Anna's Archive Faces Millions in Damages and a Permanent Injunction
Scale and Preservation of Anna’s Archive
- Commenters note the archive is ~860 TB, with suggestions to distribute it via preloaded multi‑drive arrays or tapes.
- Some think individuals or hobbyists can realistically host 250 TB subsets (e.g., non‑fiction/journals), but ISPs and transfer times are major bottlenecks.
- Others argue only physical distribution at scale (hard drives, tapes) is feasible, while some see partial mirroring (1 TB chunks) as not worth the legal and logistical risk.
Compression, LLMs, and File Formats
- Idea raised: treat LLMs or advanced predictors as lossless compressors by storing only deviations from predictions.
- Pushback: LLM-based representations are unreliable for trusted reference content; lossless schemes exist but are complex.
- Discussion of converting bloated PDFs to DjVu to shrink the archive; others say tooling is poor and that sticking with PDFs (and ultimately plain text + images) is more future‑proof.
Views on OCLC, WorldCat, and the Lawsuit
- Many see OCLC’s mission statements about “sharing knowledge” as hypocritical given litigation against a mirror of WorldCat data.
- Some question OCLC’s added value, since it did not create the bibliographic data; others say organizing and standardizing data is non‑trivial and valuable.
- Several note a history of OCLC asserting strong control over its records, framing this suit as part of a broader gatekeeping pattern.
Scraping, “Cyberattacks,” and Claimed Damages
- OCLC claims ~$5.3M in damages (hardware upgrades, Cloudflare, salaries for 34 staff, investigations).
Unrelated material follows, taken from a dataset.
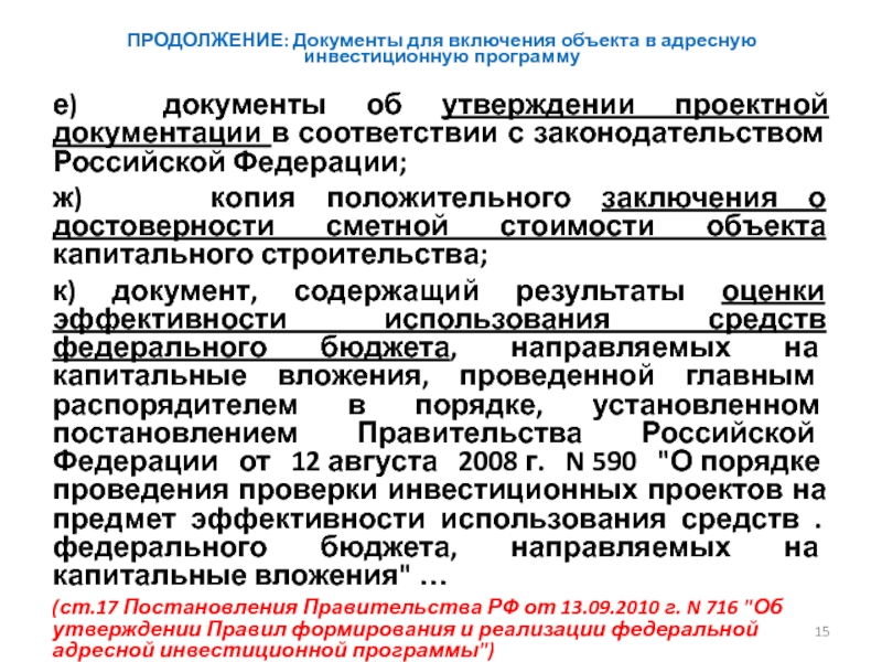 Слайд 15ПРОДОЛЖЕНИЕ: Документы для включения объекта в адресную инвестиционную программу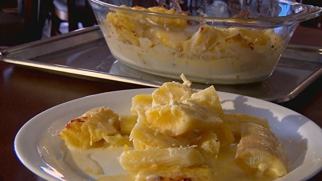 • Junte o restante da mandioca, acrescente o queijo restante e regue tudo com o leite.

Commenters widely view this as inflated or as normal operating costs.
- Debate over whether aggressive scraping constitutes a “cyberattack.” Some note scrapers can effectively DoS sites; others say calling scraping “hacking” is dangerous overreach.
- Comparisons drawn to earlier cases around scraping and to the prosecution of high‑profile downloaders; some hope or fear this could set precedent affecting AI training.
Intellectual Property and Copyright Debate
- Strong current that IP does more harm than good, especially for knowledge access; calls range from radical abolition to sharply shorter copyright terms (e.g., 7–15–30 years) and reform of patent renewals.
- Counterargument: IP‑intensive sectors represent a large share of GDP and employment; losing legal protection could undercut companies like chip designers and weaken US strategic power.
- Long sub‑thread on differences between physical and intellectual property, incentives to create, and whether markets would adapt if IP protections were scaled back.